The motorjet sounds a lot better in theory than it it ever turned out in practice. Some those early turbo jets actually used several thousand HP to drive the compressor. So a motorjet equivalent to a 2-3000lb thrust turbojet would weigh quite bit more.

The quad engine Arado 234C was initially Mach limited not thrust limited. The Mach limit showed up as tail plane flutter at 528mph-532mph. The cause was a supersonic flow established between the engine nacelles and the fuselage.

Hence the Arado 234C could exceed its own Mach limit in level flight if the engines were set to full power. This means test conditions, such as 50% fuel load you mention above, do not effect maximum speed since the throttles can simply be increased slightly. Obviously if the Arado 234C3 was slowed down by carriage of external bombs it could compensate simply by increasing thrust.

This mach limitation was raised slightly be re-profiling the nacelles which raised the Mach limited speed to 555mph-560mph.

The Ar 234C was scheduled to receive the 900kP thrust BMW 003C but initially received the 800kP BMW 003A2 although the aircraft was still Mach limited. The BMW 003C had the same hot section but had a new 50% reaction compressor of higher efficiency and flow, in fact it had two: one developed at Brown Boverie and Cie and another at BMW and the DVL to choose from.

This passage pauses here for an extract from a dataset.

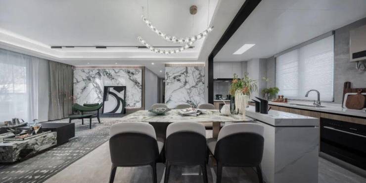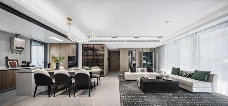 开合自如的中西双厨设计,不仅增加了全家人的就餐空间,还可以搭配岛台实现更多操作平台。且厨房还连接一个北向功能阳台,可以作为洗衣房或晾晒衣物,南北双阳台设计成全了功能+美观的两者兼得。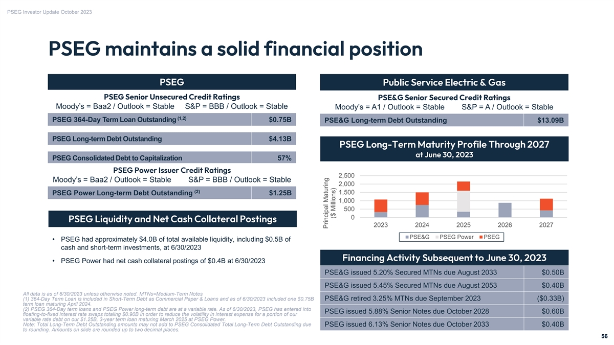 PSEG Investor Update October 2023 PSEG maintains a solid financial position PSEG Public Service Electric & Gas PSEG Senior Unsecured Credit Ratings PSE&G Senior Secured Credit Ratings Moody’s = Baa2 / Outlook = Stable S&P = BBB / Outlook = Stable Moody’s = A1 / Outlook = Stable S&P = A / Outlook = Stable (1,2) PSEG 364-Day Term Loan Outstanding $0.75B PSE&G Long-term Debt Outstanding $13.09B PSEG Long-term Debt Outstanding $4.13B PSEG Long-Term Maturity Profile Through 2027 at June 30, 2023 PSEG Consolidated Debt to Capitalization 57% PSEG Power Issuer Credit Ratings 2,500 Moody’s = Baa2 / Outlook = Stable S&P = BBB / Outlook = Stable 2,000 (2) 1,500 PSEG Power Long-term Debt Outstanding $1.25B 1,000 500 PSEG Liquidity and Net Cash Collateral Postings 0 PSEG Liquidity and Net Cash Collateral Postings 2023 2024 2025 2026 2027 PSE&G PSEG Power PSEG • PSEG had approximately $4.0B of total available liquidity, including $0.5B of cash and short-term investments, at 6/30/2023 Financing Activity Subsequent to June 30, 2023 • PSEG Power had net cash collateral postings of $0.4B at 6/30/2023 PSE&G issued 5.20% Secured MTNs due August 2033 $0.50B PSE&G issued 5.45% Secured MTNs due August 2053 $0.40B All data is as of 6/30/2023 unless otherwise noted. MTNs=Medium-Term Notes (1) 364-Day Term Loan is included in Short-Term Debt as Commercial Paper & Loans and as of 6/30/2023 included one $0.75B PSE&G retired 3.25% MTNs due September 2023 ($0.33B) term loan maturing April 2024. (2) PSEG 364-Day term loans and PSEG Power long-term debt are at a variable rate. As of 6/30/2023, PSEG has entered into PSEG issued 5.88% Senior Notes due October 2028 $0.60B floating-to-fixed interest rate swaps totaling $0.90B in order to reduce the volatility in interest expense for a portion of our variable rate debt on our $1.25B, 3-year term loan maturing March 2025 at PSEG Power. Note: Total Long-Term Debt Outstanding amounts may not add to PSEG Consolidated Total Long-Term Debt Outstanding due PSEG issued 6.13% Senior Notes due October 2033 $0.40B to rounding. Amounts on slide are rounded up to two decimal places. 56 56 Principal Maturing ($ Millions)

A swept wing had been developed and was in the process of being mated with then fuselage when British troops over ran Arado, in fact it was a scimitar or crescent wing, had been chosen as it overcame both span wise flow issues and didn't required new wing mounting points or center of gravity adjustments.

Bottom line this aircraft, likely the fastest of the war (the other contender being the He 162) was beyond any future Vampire's speed clean and certainly beyond the vampire of 1945 with bombs.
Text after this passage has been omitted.